# [TO DO]
Only one span is wanted from the lines below: from the one with "Black and gold" up to and including the one with "Poslikana tihožitna slika". Copy it exactly, without images.

(RECORDS SHOWN begins)

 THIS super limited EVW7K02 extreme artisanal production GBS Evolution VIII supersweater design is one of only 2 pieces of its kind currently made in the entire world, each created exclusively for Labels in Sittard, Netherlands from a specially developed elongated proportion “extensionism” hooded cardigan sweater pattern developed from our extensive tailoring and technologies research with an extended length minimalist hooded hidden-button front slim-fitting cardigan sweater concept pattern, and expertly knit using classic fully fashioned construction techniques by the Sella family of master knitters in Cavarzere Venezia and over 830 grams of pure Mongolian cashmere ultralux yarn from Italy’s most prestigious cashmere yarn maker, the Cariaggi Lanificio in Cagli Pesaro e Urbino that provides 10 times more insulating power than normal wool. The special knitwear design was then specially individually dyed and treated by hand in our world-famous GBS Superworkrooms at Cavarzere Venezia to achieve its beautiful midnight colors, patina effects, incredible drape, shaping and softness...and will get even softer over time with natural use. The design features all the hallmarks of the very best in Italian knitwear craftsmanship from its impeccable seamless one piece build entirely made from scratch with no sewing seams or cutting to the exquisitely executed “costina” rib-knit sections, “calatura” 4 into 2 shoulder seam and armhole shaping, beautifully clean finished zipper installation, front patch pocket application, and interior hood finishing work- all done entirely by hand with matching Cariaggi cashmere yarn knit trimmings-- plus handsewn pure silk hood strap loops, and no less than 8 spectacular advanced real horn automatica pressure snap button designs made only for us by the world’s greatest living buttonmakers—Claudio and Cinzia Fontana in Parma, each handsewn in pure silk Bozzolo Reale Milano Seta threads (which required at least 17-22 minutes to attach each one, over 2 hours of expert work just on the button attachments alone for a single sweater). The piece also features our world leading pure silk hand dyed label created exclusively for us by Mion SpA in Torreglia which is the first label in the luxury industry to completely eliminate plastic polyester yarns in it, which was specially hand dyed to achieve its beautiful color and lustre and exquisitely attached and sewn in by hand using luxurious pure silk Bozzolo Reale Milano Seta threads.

(RECORDS SHOWN ends)
(RECORDS SHOWN begins)

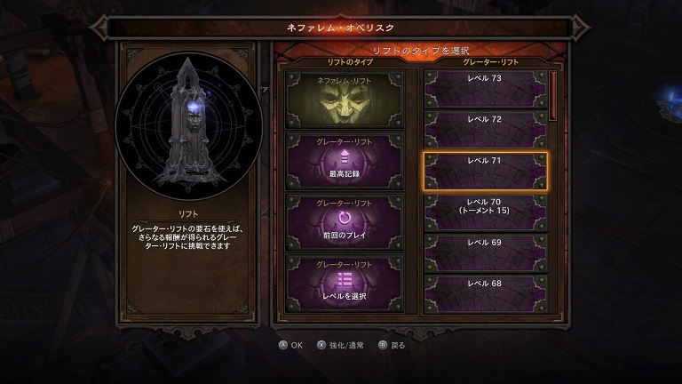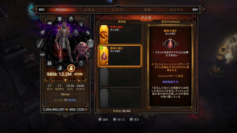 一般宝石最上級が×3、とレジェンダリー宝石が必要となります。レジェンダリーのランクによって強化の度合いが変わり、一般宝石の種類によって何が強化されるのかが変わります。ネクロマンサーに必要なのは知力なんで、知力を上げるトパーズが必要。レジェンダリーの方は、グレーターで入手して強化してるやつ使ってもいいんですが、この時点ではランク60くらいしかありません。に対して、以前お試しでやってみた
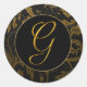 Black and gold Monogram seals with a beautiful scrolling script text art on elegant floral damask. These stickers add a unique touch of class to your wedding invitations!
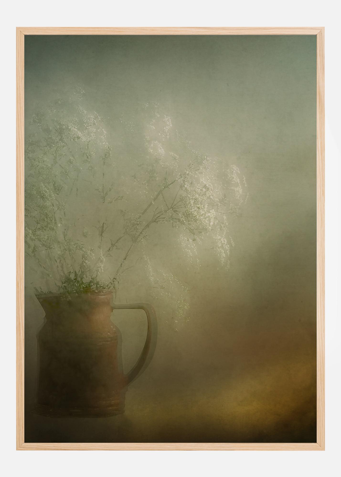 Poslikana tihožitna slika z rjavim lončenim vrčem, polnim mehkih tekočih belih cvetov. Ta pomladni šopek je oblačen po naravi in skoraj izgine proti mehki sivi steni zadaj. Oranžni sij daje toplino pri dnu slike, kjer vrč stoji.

(RECORDS SHOWN ends)
(RECORDS SHOWN begins)

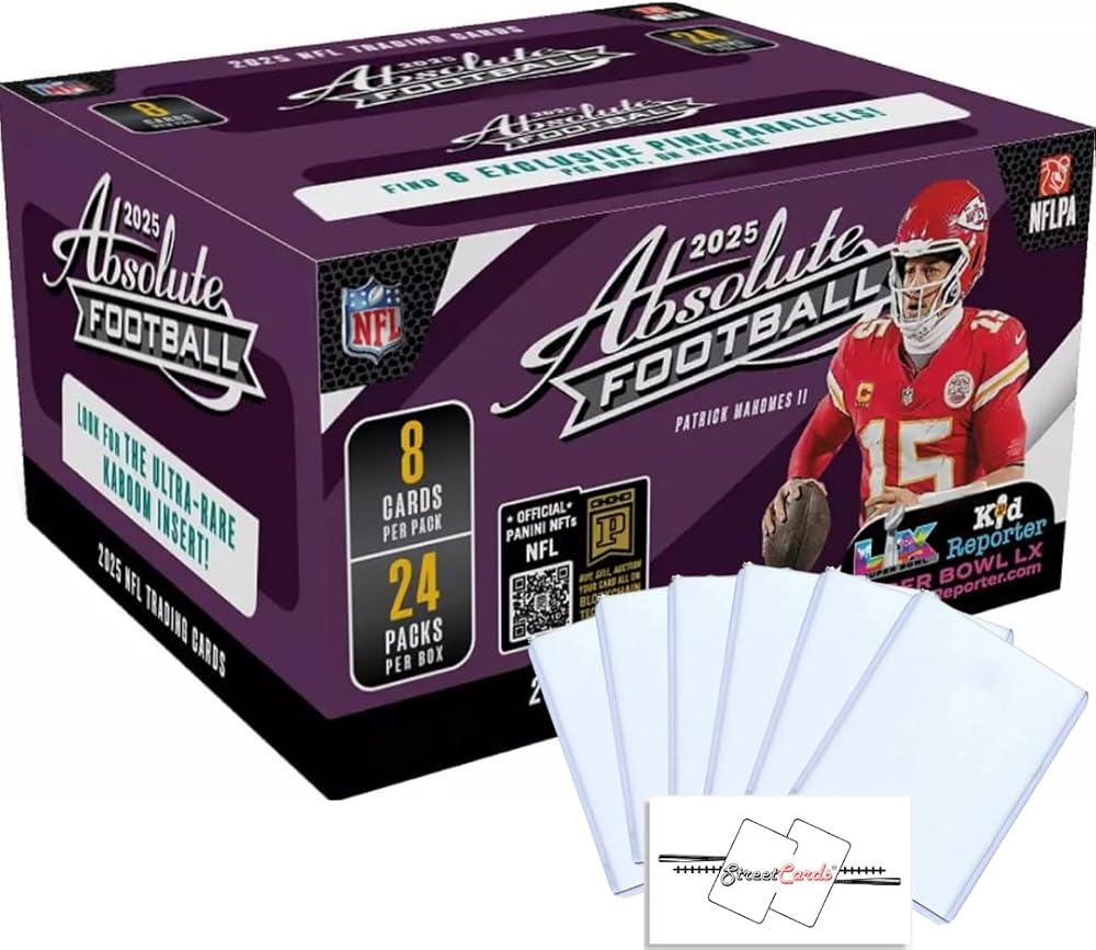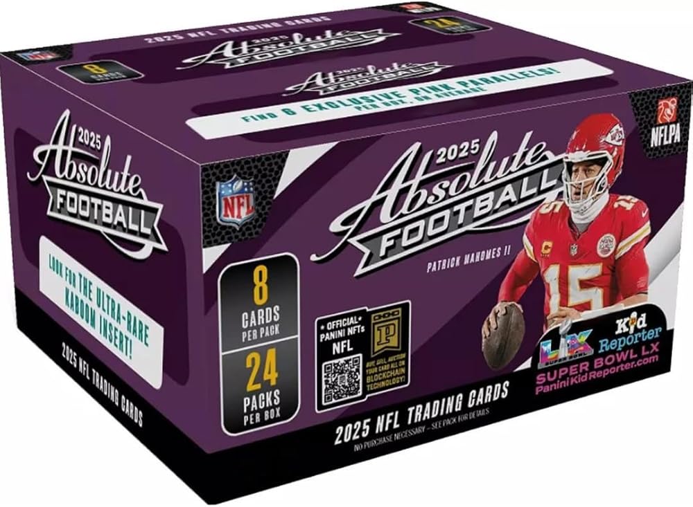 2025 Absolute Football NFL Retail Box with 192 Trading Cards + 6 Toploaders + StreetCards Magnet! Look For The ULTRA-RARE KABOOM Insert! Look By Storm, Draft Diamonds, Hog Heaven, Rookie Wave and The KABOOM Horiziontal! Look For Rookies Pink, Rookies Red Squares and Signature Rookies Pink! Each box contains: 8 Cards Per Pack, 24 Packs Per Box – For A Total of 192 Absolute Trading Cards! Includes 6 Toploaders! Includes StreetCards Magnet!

(RECORDS SHOWN ends)

# [RESULT]
 Black and gold Monogram seals with a beautiful scrolling script text art on elegant floral damask. These stickers add a unique touch of class to your wedding invitations!
 Poslikana tihožitna slika z rjavim lončenim vrčem, polnim mehkih tekočih belih cvetov. Ta pomladni šopek je oblačen po naravi in skoraj izgine proti mehki sivi steni zadaj. Oranžni sij daje toplino pri dnu slike, kjer vrč stoji.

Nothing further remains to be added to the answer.